Sesere argued that the only evidence on drug quantity had been presented at trial by Joseph, and that the evidence supported the proposition that Sesere had possessed only ten to fifteen ounces (or approximately 280 to 420 grams) of crack. Pursuant to section 2D1.1(c)(3) of the Guidelines, the possession of at least 500 grams but less than 1.5 kilograms of crack warrants a base offense level of 34. If Sesere had been attributed a quantity of crack of at least 150 but less than 500 grams, the provisions of section 2D1.1(c)(4) would have applied, yielding a base offense level of 32. Pursuant to a base offense level of 32 and a criminal history category of II (as determined by the PSR), Sesere’s advisory Guidelines range would have been reduced to 135 to 168 months, rather than 168 to 210 months.

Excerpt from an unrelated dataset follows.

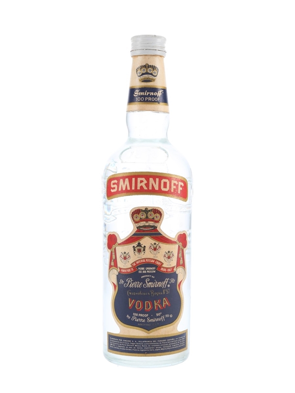 A litre bottle of Smirnoff Blue Label Vodka. This was produced in the United States, bottled for the Spanish market and imported by Cinzano, we estimate in the 1960s.

After considering the drug quantity issue and the relevant evidence, the sentencing court overruled Sesere’s objection and attributed to him at least 500 grams of crack cocaine, the threshold quantity necessary for a base offense level of 34.

The court concluded that Sesere “certainly understood that the endeavor, the collaboration between the group [Sesere and his coconspirators], was responsible for at least 500 grams of crack cocaine.

Legal Analysis and Discussion : review de novo a district court’s denial of a motion for judgment of acquittal. See United States v. Alerre, 430 F.3d 681, 693 (4th Cir. 2005). In our review, “we are obliged to sustain a guilty verdict if, viewing the evidence in the light most favorable to the Government, it is supported by “substantial evidence'” – substantial evidence being that which a “reasonable finder of fact could accept as adequate and sufficient to support a conclusion of a defendant’s guilt beyond a reasonable doubt.

On the other hand, we review a trial court’s evidentiary rulings for abuse of discretion. See United States v. Delfino, 510 F.3d 468, 470 (4th Cir. 2007). Finally, factual determinations underlying a court’s imposition of sentence must be supported by a preponderance of the evidence, and are not to be overturned unless they are clearly erroneous.

Section 1B1.3(a) of the Guidelines provides that the base offense level “shall be determined on the basis of” the offense of conviction and relevant conduct. In making that determination, the “[s]entencing judge[] may find facts relevant to determining a Guidelines range by a preponderance of the evidence, so long as that Guidelines sentence is treated as advisory and falls within the statutory maximum authorized by the jury’s verdict.

In terms specific to a § 846 conspiracy conviction, the drug quantity attributable to a defendant is the quantity involved in the conspiracy that was reasonably foreseeable to the defendant. See USSG § 1B1.3(a)(1).

At sentencing, the district court found that Sesere “certainly understood that the endeavor, the collaboration between the group [Sesere and his coconspirators], was responsible for at least 500 grams of crack cocaine.

At trial, the prosecutors presented at least eight witnesses who testified about Sesere’s drug dealing activities on the Block. Joseph, for example, confirmed that between January and June of 2006 he had frequently sold Sesere 84 grams of crack per week, totalling more than 280 to 420 grams. Sloane, Sesere’s girlfriend, testified that Sesere had “a few times” made $2000 in a day selling crack, and up to $5000 on a good day.

Finally, Mannot Lusca, a drug dealer on the Block, related that on two or three occasions Sesere had pooled his money with other drug dealers to buy “bricks” of cocaine (a brick being worth approximately $14,400 dollars). Put simply, the sentencing court’s finding that at least 500 grams of crack cocaine was properly attributable to Sesere for sentencing purposes was not clearly erroneous.